• **Action item**:
Among the entries below, find the line with "O vip777 oferece" and the line with "夕飯の支度をする時、まだ外が". Return exactly those lines and every line between them, but no pictures.

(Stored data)

<<<<

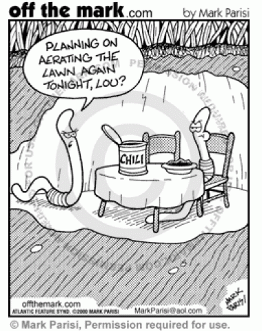 A worm eats chili and his wife asks if he's planning on aerating the lawn.
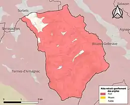 Le retrait-gonflement des sols argileux est susceptible d'engendrer des dommages importants aux bâtiments en cas d’alternance de périodes de sécheresse et de pluie. 94,4 % de la superficie communale est en aléa moyen ou fort (94,5 % au niveau départemental et 48,5 % au niveau national). Sur les 70 bâtiments dénombrés sur la commune en 2019, 60 sont en aléa moyen ou fort, soit 86 %, à comparer aux 93 % au niveau départemental et 54 % au niveau national. Une cartographie de l'exposition du territoire national au retrait gonflement des sols argileux est disponible sur le site du BRGM[19],[Carte 3].
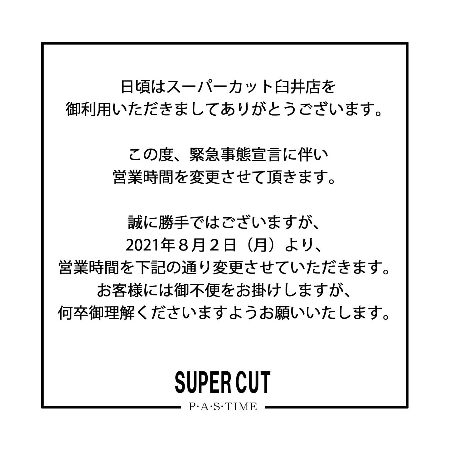 緊急事態宣言に伴い、営業時間変更のお知らせ - 臼井の美容室 スーパーカット
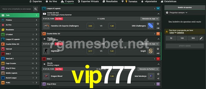 O vip777 oferece uma grande seleção de opções de apostas em e-sports com probabilidades competitivas
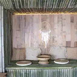 It was a slightly cloudy day, but despite that, it was a truly sensuous place. The interior felt like I was in a chieftain's village in the forest. The incense sticks burning, along with the interior, calmed my mind.
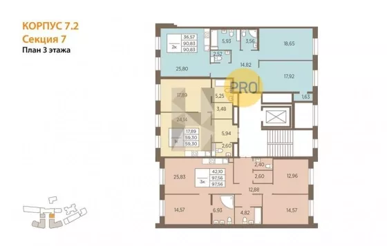 Квартира: 2 к 90,83 кв.м., 3 этаж в комплексе Северная корона, 1 очередь, корп.7.2, сдача: 4кв. , этажей: 8, адрес Реки Карповки наб., д. 31 корп.1 стр.1, Застройщик: ПСК.
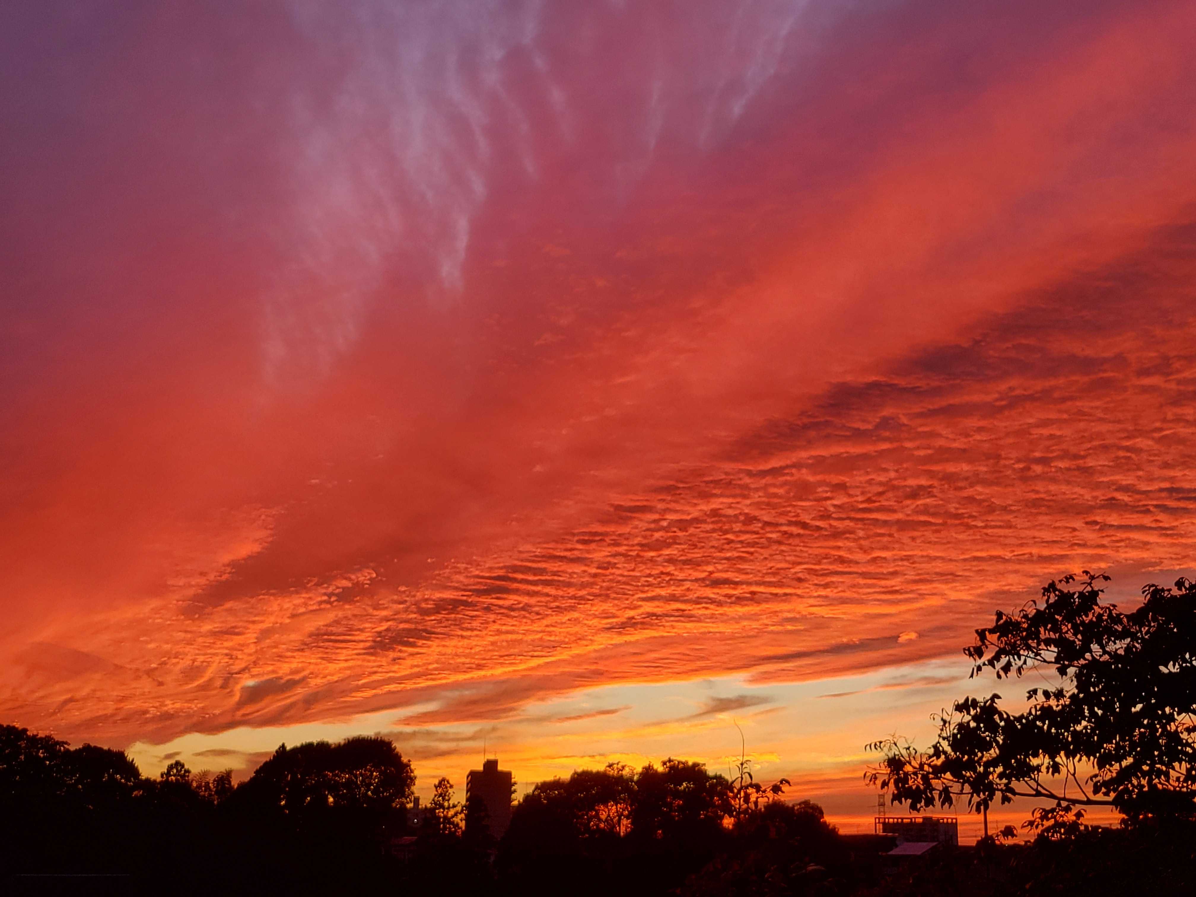 夕飯の支度をする時、まだ外が明るくても、夕飯作ってる間に暗くなるから、と、早々にカーテンをしめることが多い。支度が終わって、ひと息ついて、SNS見ると、素敵な夕焼けの写真がたくさんあがってること、多し。慌ててカーテン開けてみるも、もう外は真っ暗、というのが常。が、今日は、カーテン閉め忘れてた。みるみるうちに、部屋の中が赤くなってきて。窓の外を見たら、加工なしでこの色。すごい。これからは、リビングのカーテンだけは、暗くなるまで閉めないことにする。
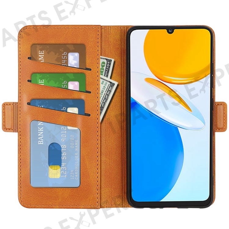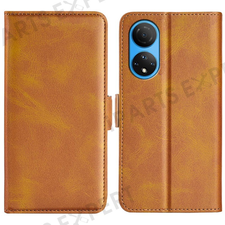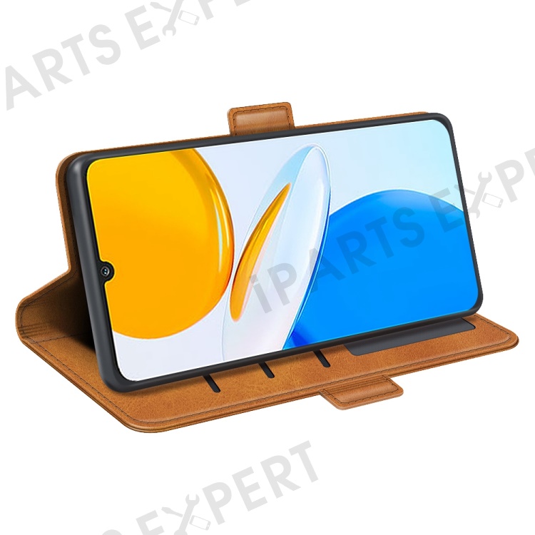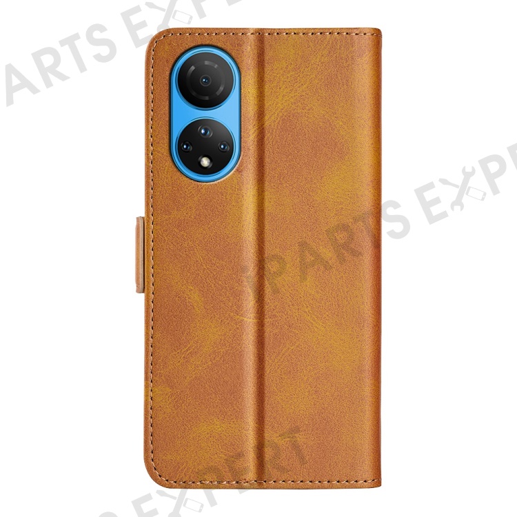 For Honor X7 Dual Clasp Textured PU Leather Phone Case Anti-drop Protective Cover with Stand Wallet - Yellow
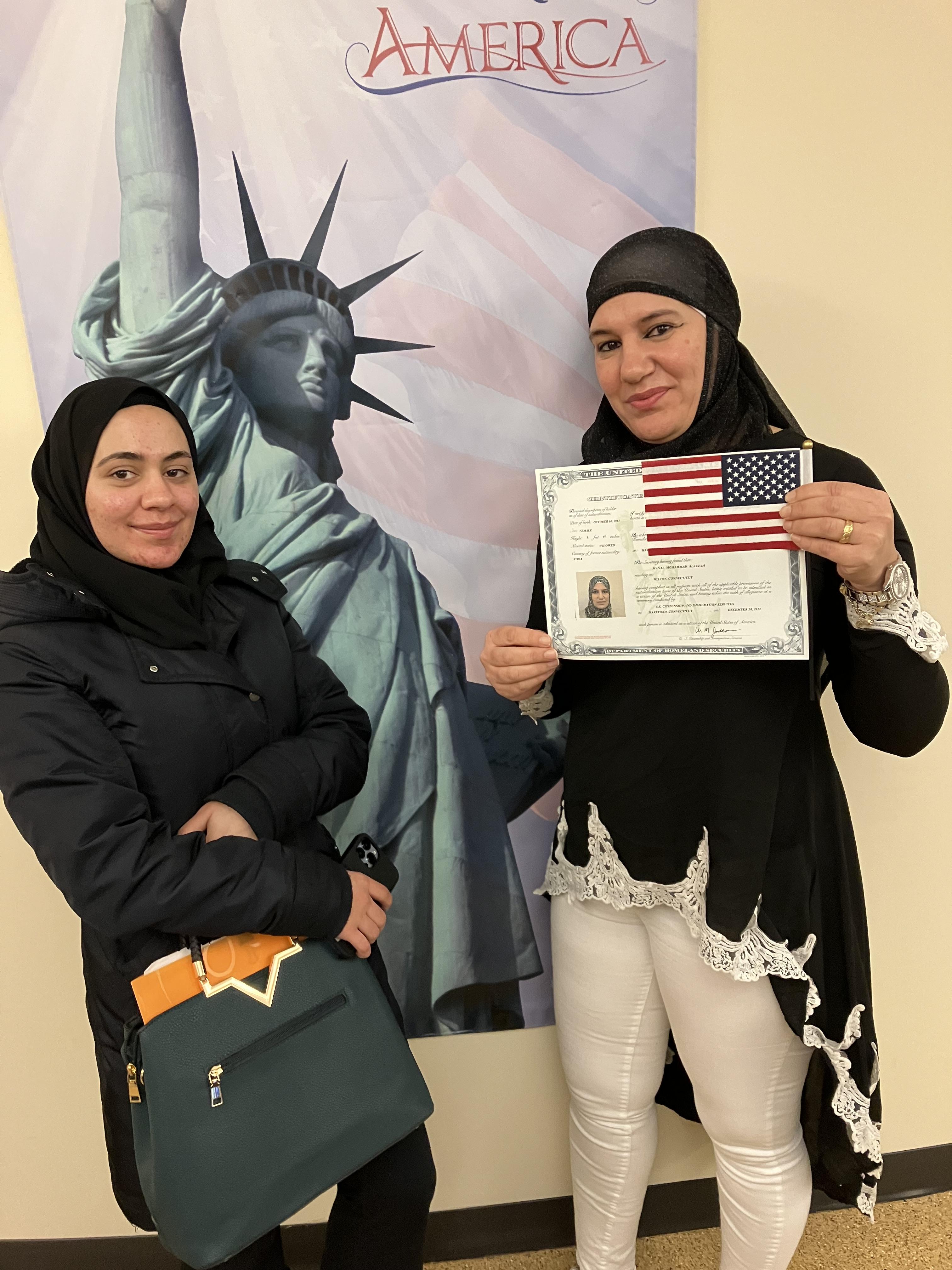Minor children at the time of their parent’s naturalization (such as Bisan and all but one of Manal’s four other children) automatically qualify for U.S. citizenship under the provisions of the Child Citizenship Act of 2001, following the filing of USCIS Form 600 on their behalf; that process usually takes about six months. Manal’s next steps for herself will be to register to vote and to secure a passport and new Social Security card.
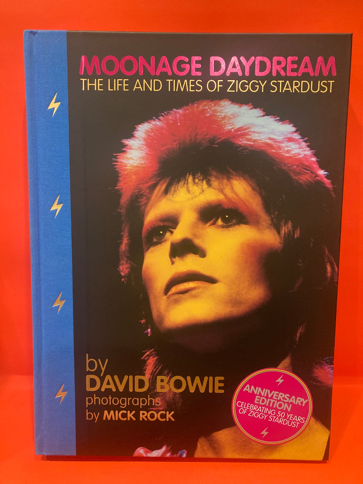 Celebrating 50 years of Ziggy Stardust, the Anniversary Edition presents Moonage Daydream as the authors intended. It is printed in the same large format as the sold-out limited edition of 2002 (350mm x 250mm / 13 ¾" x 9 ¾"), and, at 328 pages in length, the new book reintroduces material cut from the hardback printing of 2005.
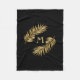 Tropical Gold Glitter Palm Tree Fronds on Black Fleece Blanket
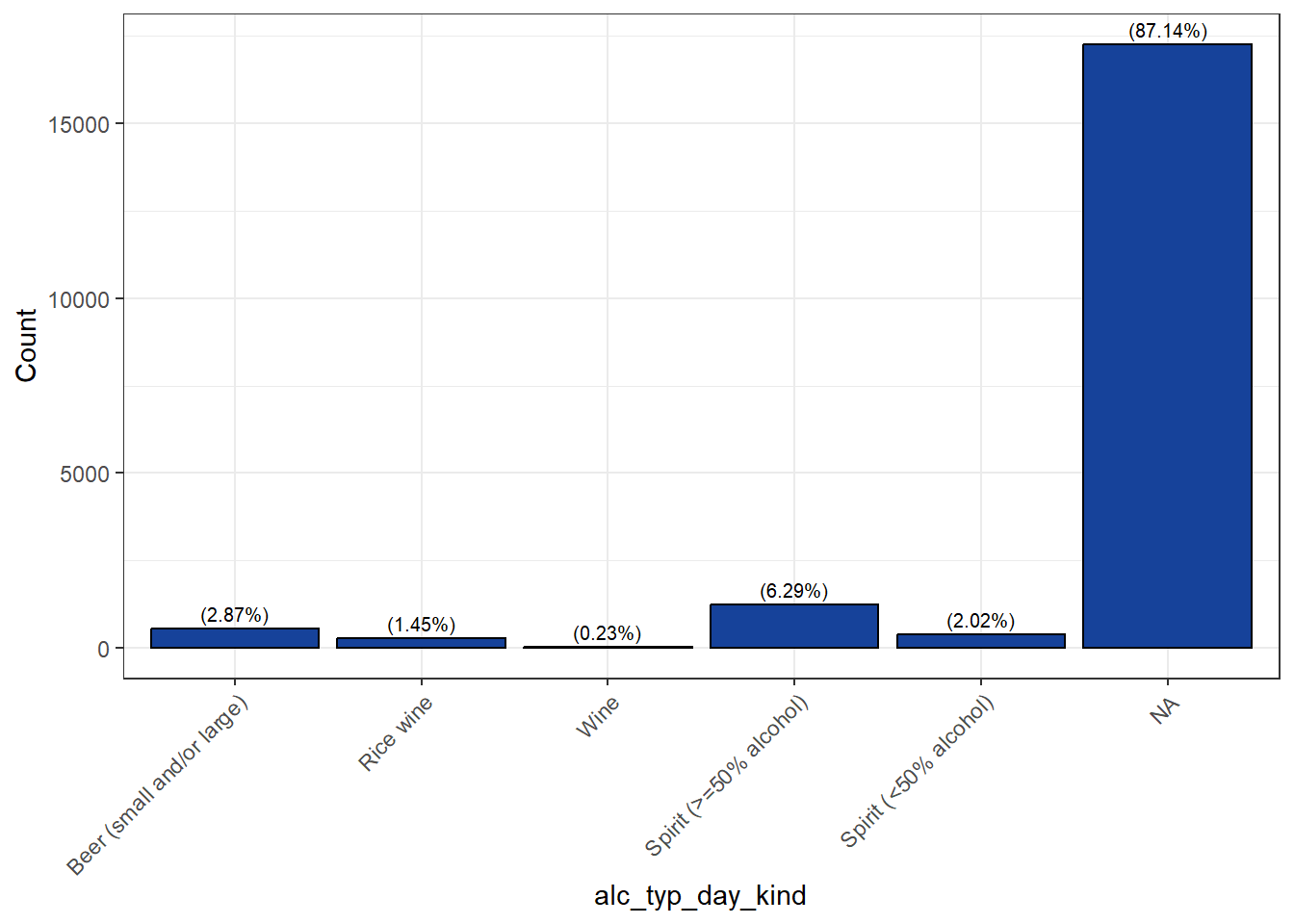 | Spirit (>=50% alcohol) | 35897 | 46.97 | 6.96 |
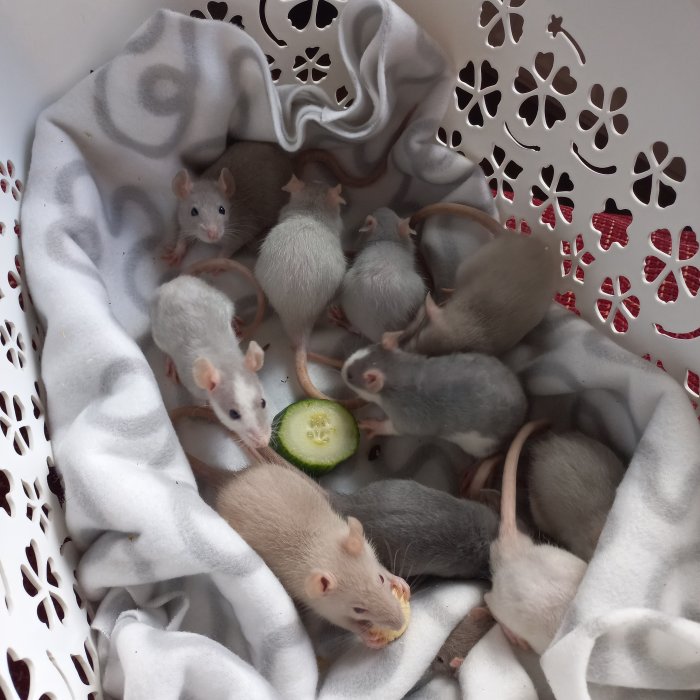 Nabízím k prodeji mláďata potkánků (3 samečky, 8 samiček), narozená 24.5.2023. Jedná se o plánovaný vrh a jejich rodiče nejsou příbuzní. Jsou vymazlení, velmi přítulní a zvyklí na každodenní kontakt. Zbarvení srsti je husky, šedá a světle šedá, ouška mají standart nebo dumbo. Předání je možné v Praze nebo v Kostelci nad Labem
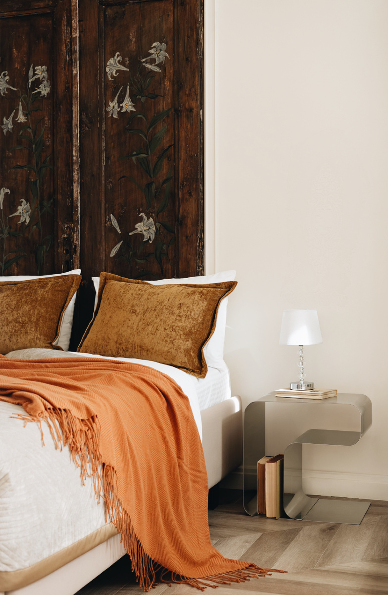 Эта спальня — про тактильность, тепло и характер. В центре композиции — ИЗГОЛОВЬЕ, созданное из старинных дверей НАЧАЛА 20века с деликатной ручной росписью 🍃
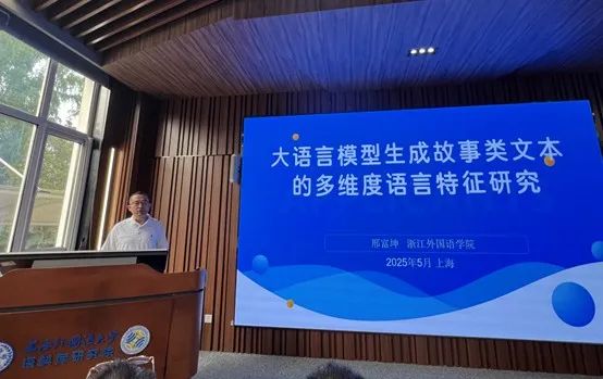 邢富坤在“大语言模型生成故事类文本的多维度语言特征研究”报告中提出了人工智能语言变体的概念,并以故事类文本为例对比了人类原创文本与大语言模型生成文本间的异同。该研究工作由邢富坤教授和英文学院2022级英语专业本科生龚恩溢同学合作完成。
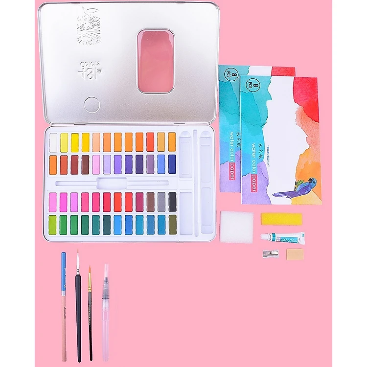 Màu nước dạng nén cao cấp set 48 màu đi kèm bộ dụng cụ dành cho vẽ tranh màu nước
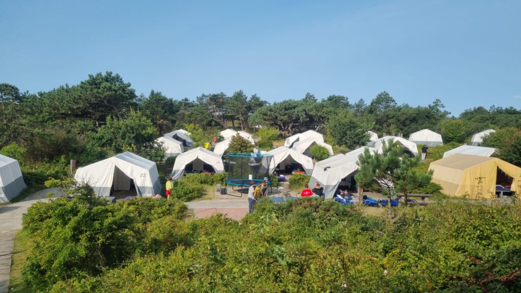 Im Camp selbst war rund um die Uhr etwas los: Im Bastelzelt entstanden Perlenketten, gravierte Schlüsselanhänger und Gläser, bemalte Crew-Socken und jede Menge kreative Meisterwerke. Wer keine Lust aufs Basteln hatte, spielte Tischball, chillte auf den neuen Sonnenliegen vor der Kommandobrücke oder rutschte, nicht selten ohne Landung im Sand.Manche entdeckten die erste große Liebe (andere bereits die dritte 😉), Frisuren wurden geflochten, auf dem Sportplatz Fußball, Basketball und Tischtennis gespielt oder man hing einfach mit Freunden ab. Zum Leidwesen einiger ist die Zeltaufgabe ein fester Bestandteildes Programms, hier heißt es Ordnung machen und alte Brötchen entsorgen, bevor sie vonselbst Richtung Mülleimer laufen. Ein Abstecher in die „Kogge“ zum Postkarten oder Eis Kaufen durfte ebenso wenig fehlen wie eine Runde Minigolf auf der frisch renovierten Anlageoder Vollgasfahrten mit der Seilbahn über den Spielplatz.
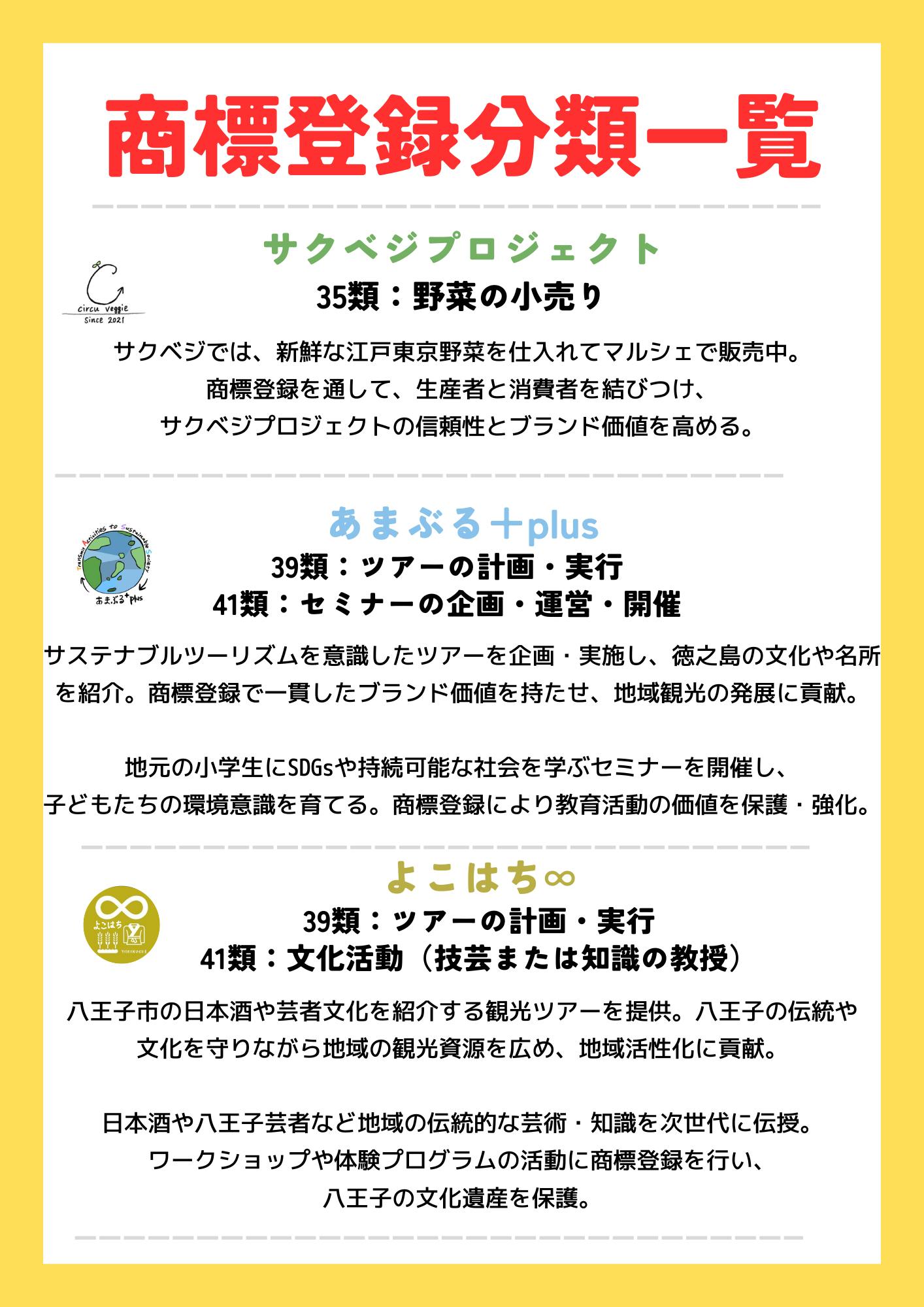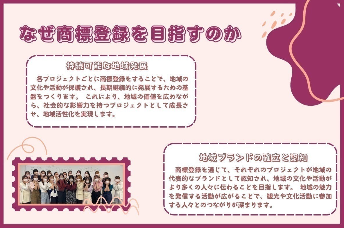 各プロジェクトを商標登録することで、地域の文化や活動が保護され、長期的に発展するための基盤となります。これにより、地域の価値を広めながら、社会的な影響力を持つプロジェクトとして成長させ、地域活性化を実現します。

>>>>

• **Output for this task**:
 O vip777 oferece uma grande seleção de opções de apostas em e-sports com probabilidades competitivas
 It was a slightly cloudy day, but despite that, it was a truly sensuous place. The interior felt like I was in a chieftain's village in the forest. The incense sticks burning, along with the interior, calmed my mind.
 Квартира: 2 к 90,83 кв.м., 3 этаж в комплексе Северная корона, 1 очередь, корп.7.2, сдача: 4кв. , этажей: 8, адрес Реки Карповки наб., д. 31 корп.1 стр.1, Застройщик: ПСК.
 夕飯の支度をする時、まだ外が明るくても、夕飯作ってる間に暗くなるから、と、早々にカーテンをしめることが多い。支度が終わって、ひと息ついて、SNS見ると、素敵な夕焼けの写真がたくさんあがってること、多し。慌ててカーテン開けてみるも、もう外は真っ暗、というのが常。が、今日は、カーテン閉め忘れてた。みるみるうちに、部屋の中が赤くなってきて。窓の外を見たら、加工なしでこの色。すごい。これからは、リビングのカーテンだけは、暗くなるまで閉めないことにする。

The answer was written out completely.